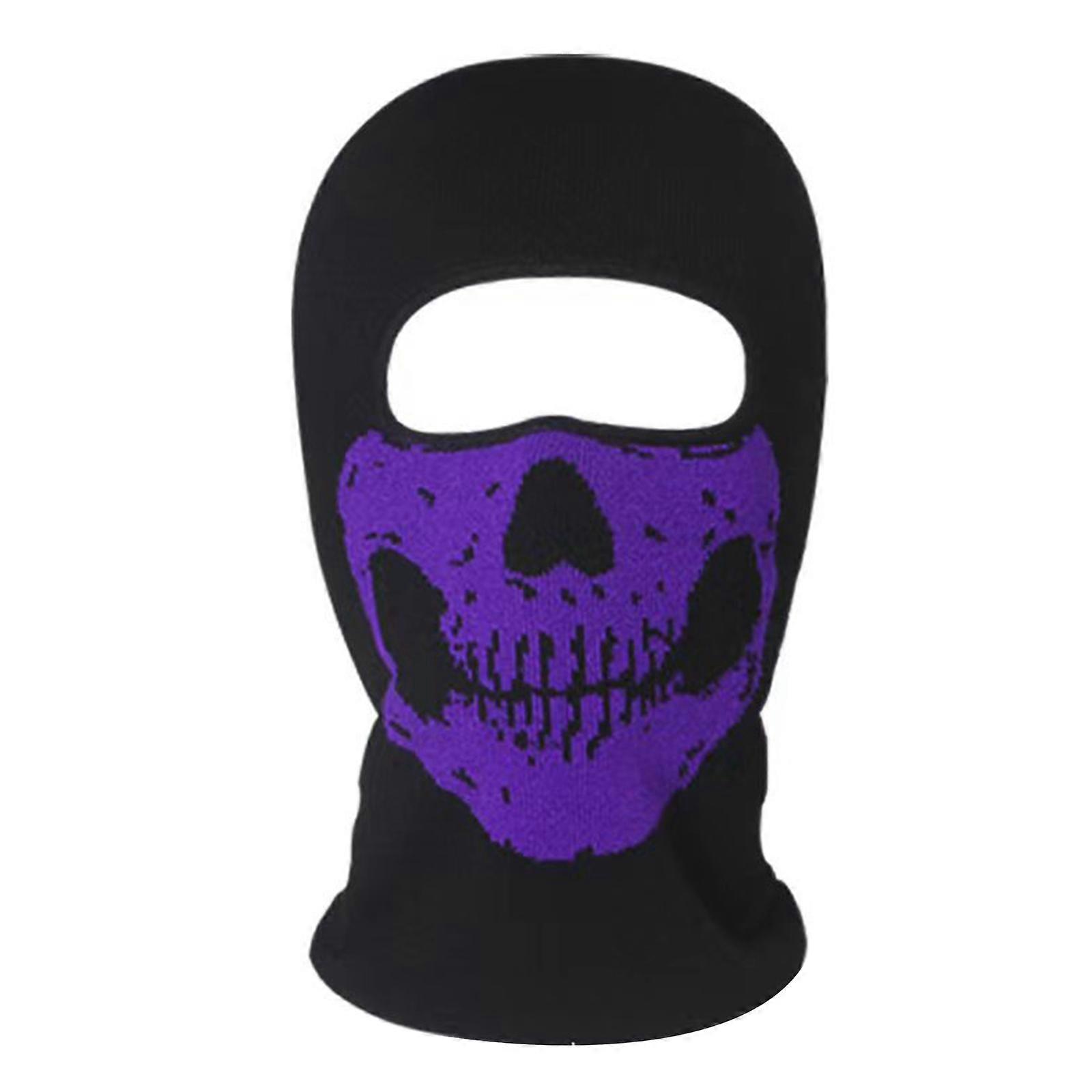 Winter Face Mask Jacquard Hat Warm Knitted Balaclava for Men Womens Windproof Face Cover for Outdoor Halloween black purple
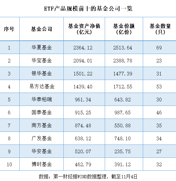 与此同时,记者也注意到,ETF市场的头部效应尤为明显。目前市场上共有54家基金公司布局ETF产品,规模排名前十位的基金公司的ETF产品资产净值合计达1.18万亿元,占总量的近八成。
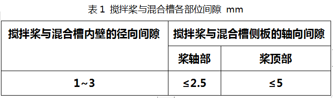 1)攪拌槳與混合槽各部位間隙應符合表1的規定,攪拌槳運轉與混合槽無碰擦。
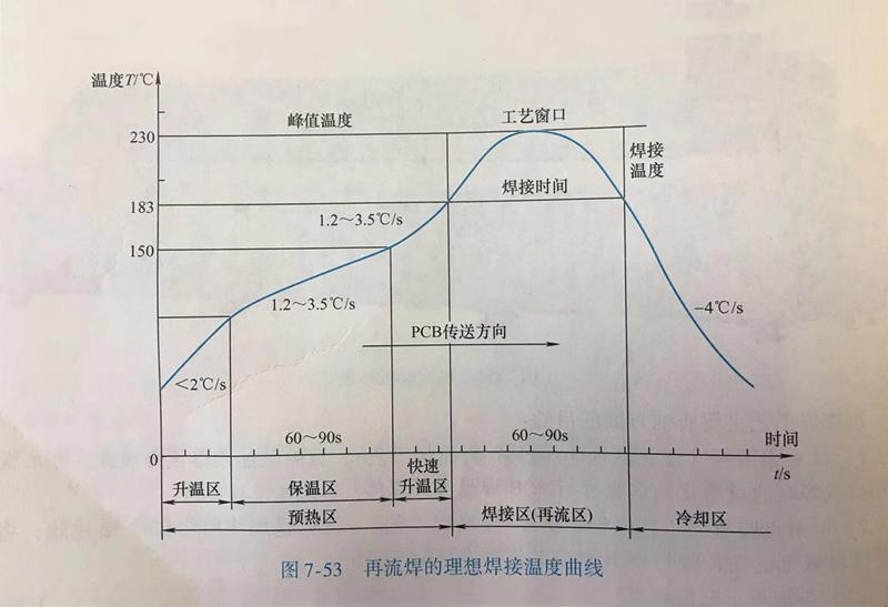 (3) 回流焊工藝的基本過程:一般的,一個完整的回流焊工藝基本流程需要經(jīng)過基板傳送、預(yù)熱、保溫、回流、冷卻等工序。
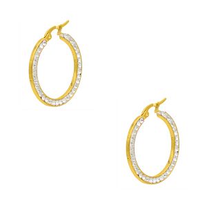 Σκουλαρίκια Κρίκοι Από Ατσάλι Επιχρυσωμένο 24Κ Με Καρδιά Λευκή AS47890
···
Set down each entry above word for word, without its pictures.

 Winter Face Mask Jacquard Hat Warm Knitted Balaclava for Men Womens Windproof Face Cover for Outdoor Halloween black purple
 与此同时,记者也注意到,ETF市场的头部效应尤为明显。目前市场上共有54家基金公司布局ETF产品,规模排名前十位的基金公司的ETF产品资产净值合计达1.18万亿元,占总量的近八成。
 1)攪拌槳與混合槽各部位間隙應符合表1的規定,攪拌槳運轉與混合槽無碰擦。
 (3) 回流焊工藝的基本過程:一般的,一個完整的回流焊工藝基本流程需要經(jīng)過基板傳送、預(yù)熱、保溫、回流、冷卻等工序。
 Σκουλαρίκια Κρίκοι Από Ατσάλι Επιχρυσωμένο 24Κ Με Καρδιά Λευκή AS47890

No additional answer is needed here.